Multimodal fingerprinting of cellular phenotypes associated with autism risk variants

Awarded: 2021
Award Type: Targeted: Genomics of ASD: Pathways to Genetic Therapies
Award #: 890477

While genetic studies have identified numerous risk variants and genes for autism spectrum disorder (ASD), therapeutic development requires both better understanding of the genes’ neurobiological roles and scalable assays to identify potential chemical or genetic interventions. This challenge is especially daunting given the large number of ASD risk genes found to date — at present there are 207 high-confidence SPARK genes including 50 prioritized by SFARI for their translational potential, with even more likely to come. Tackling this list piecemeal with traditional techniques will be prohibitively time consuming, and new, highly parallel discovery approaches are required.

Meanwhile, emerging lines of evidence show that fingerprinting of cells — defined here as measurements which parameterize cell state among hundreds to thousands of separate features — not only can offer insight about the phenotypic consequences of a genetic perturbation but also can cluster genetic or chemical perturbations by likely common mechanisms of action.

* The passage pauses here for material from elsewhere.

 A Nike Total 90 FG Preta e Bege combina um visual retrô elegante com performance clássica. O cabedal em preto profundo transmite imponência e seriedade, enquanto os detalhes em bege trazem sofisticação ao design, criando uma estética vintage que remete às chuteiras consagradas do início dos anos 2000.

Fingerprinting assays typically scale well, in principle simplifying the transition from neurobiological discovery to assay development.

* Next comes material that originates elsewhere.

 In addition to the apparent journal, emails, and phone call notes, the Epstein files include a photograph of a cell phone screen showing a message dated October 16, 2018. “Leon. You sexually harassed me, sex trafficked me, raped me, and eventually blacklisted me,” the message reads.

Samouil Farhi and Ralda Nehme’s laboratories have developed a rich assay palette for transcriptomic, morphological and electrophysiological fingerprinting pooled cultures of human neurons derived from induced pluripotent stem cells. In this project, their teams will leverage these assays to perform pooled knockdown screens of high-confidence ASD risk genes, identifying modulated features and gaining insight into the neurobiological roles of the genes. They will then use the same assays in large case-control pools harboring ASD risk variants in the same genes to identify features linked to gene rather than genetic background and confirm this by correcting the relevant mutation. The overall approach will both provide information about the roles of genes, enable clustering of genes by potential common roles and guide the development of highly scalable therapeutic discovery assays.